Reuters Health Information (2013-01-30): More frequent surveillance for hepatocellular carcinoma detects more small tumors
Epidemiology
More frequent surveillance for hepatocellular carcinoma detects more small tumors
Last Updated: 2013-01-30 12:10:29 -0400 (Reuters Health)
By Will Boggs, MD
NEW YORK (Reuters Health) - Hepatocellular carcinoma (HCC) surveillance every four months detects more small tumors than surveillance every 12 months, but this doesn't translate into improved survival, researchers from Taiwan report.
The appropriate surveillance interval for high-risk patients isn't clear, but most guidelines call for seeing patients more often than once a year.
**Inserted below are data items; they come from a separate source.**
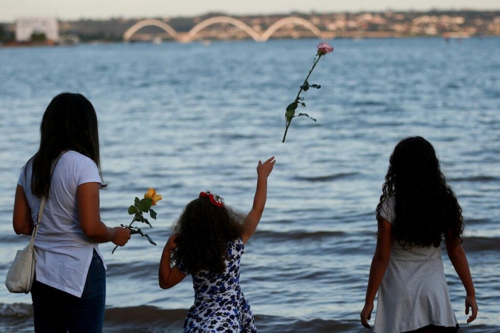 Pessoas fazem oferenda em Lago Paranoá
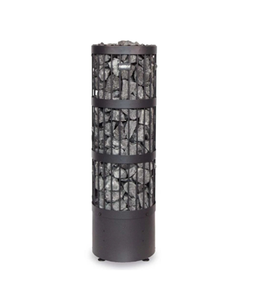 Die Heizung ist kompakt und fasst eine große Menge Steine - bis zu 100 kg. Die kleinen, von der Schmiede gefertigten Details und die schwarze Farbe sind ein Blickfang, und die Form des Ofens ermöglicht es, den Ofen in die Saunabänke zu integrieren.
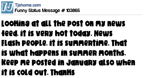 X Looking at all the post on my news feed, it is very hot today. News Flash people, it is summertime. That is what happens in summer months. Keep me posted in January also when it is cold out. Thanks
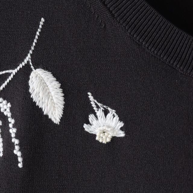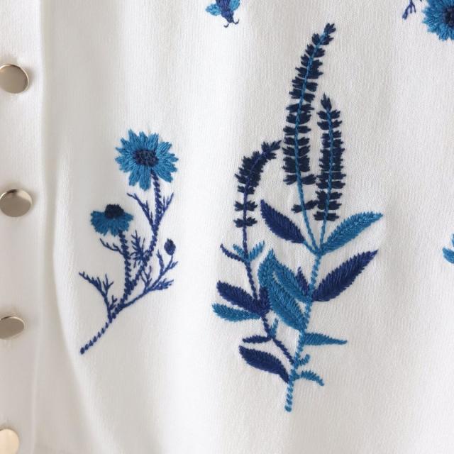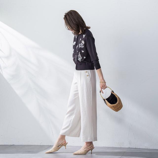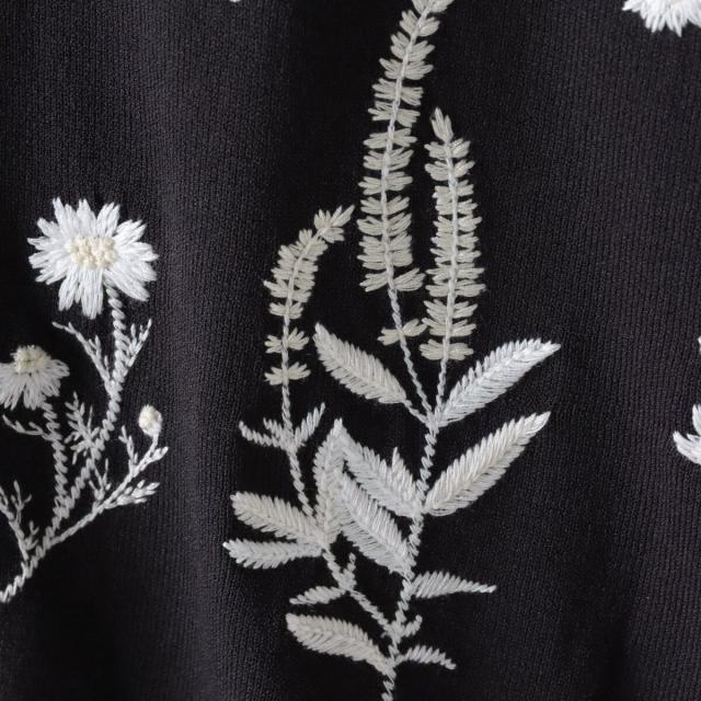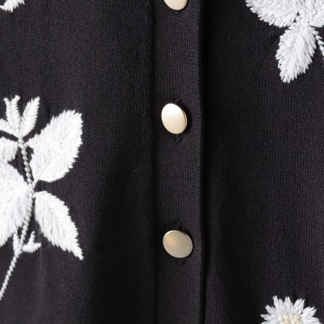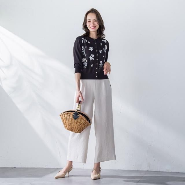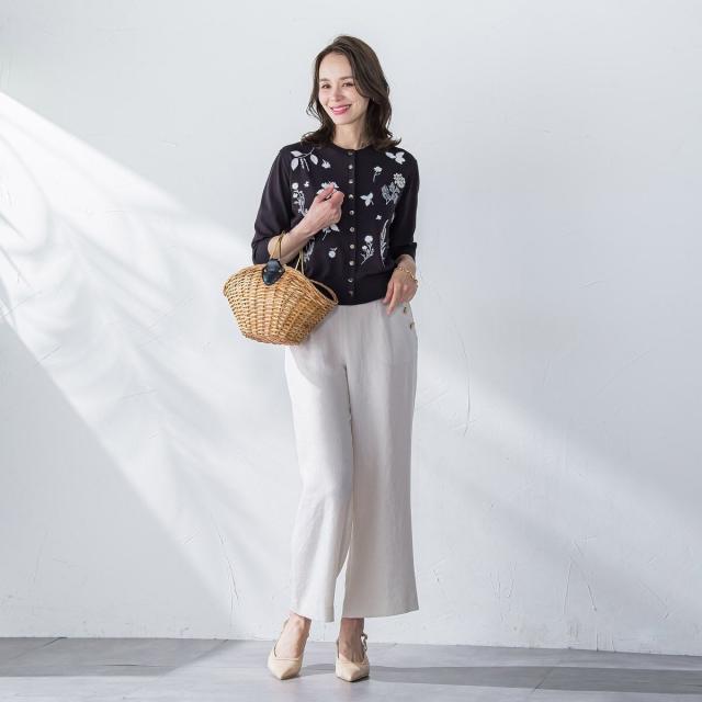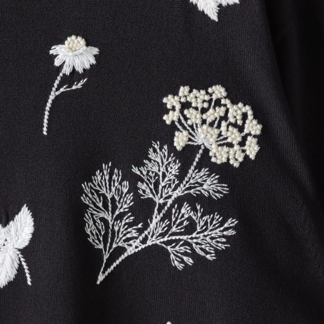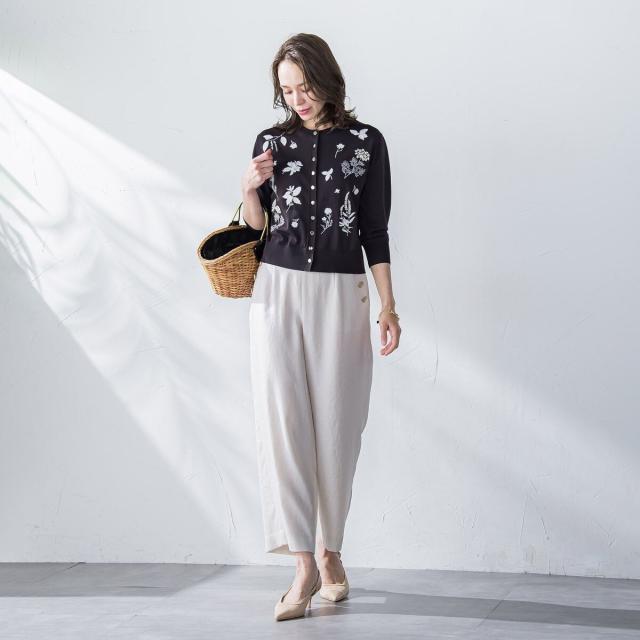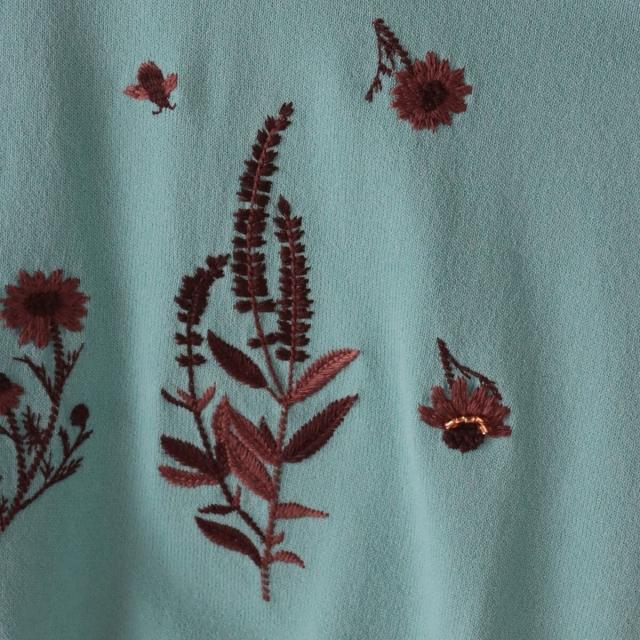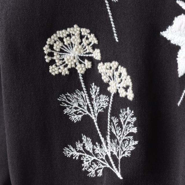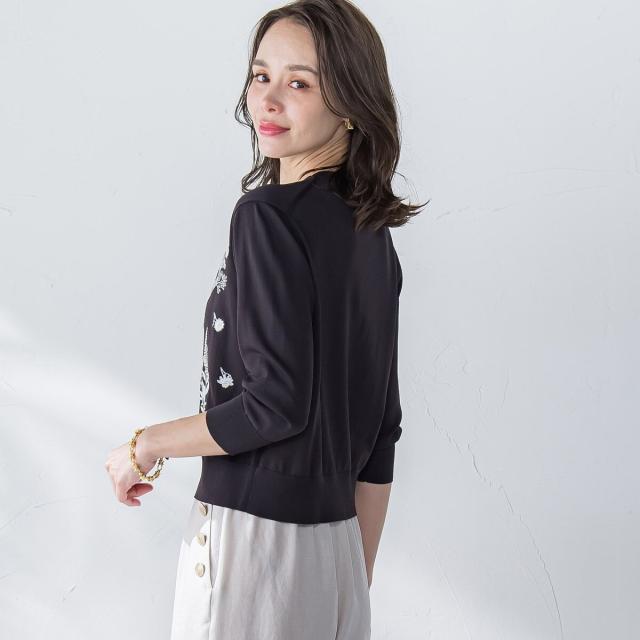 ハーブをテーマにしたボタニカルモチーフの刺繍がポイントのクルーネックカーディガン。

The European Association for the Study of the Liver, the American Association for the Study of Liver Disease, and the Asian Pacific Association of the Study of Liver all recommend a six-month surveillance interval, while the Japan Society of Hepatology has proposed a three- to four-month interval "for super high-risk patients," Dr. Sheng-Nan Lu from Chang Gung University College of Medicine, Kaohsiung, Taiwan and colleagues said in a paper online January 15th in The American Journal of Gastroenterology.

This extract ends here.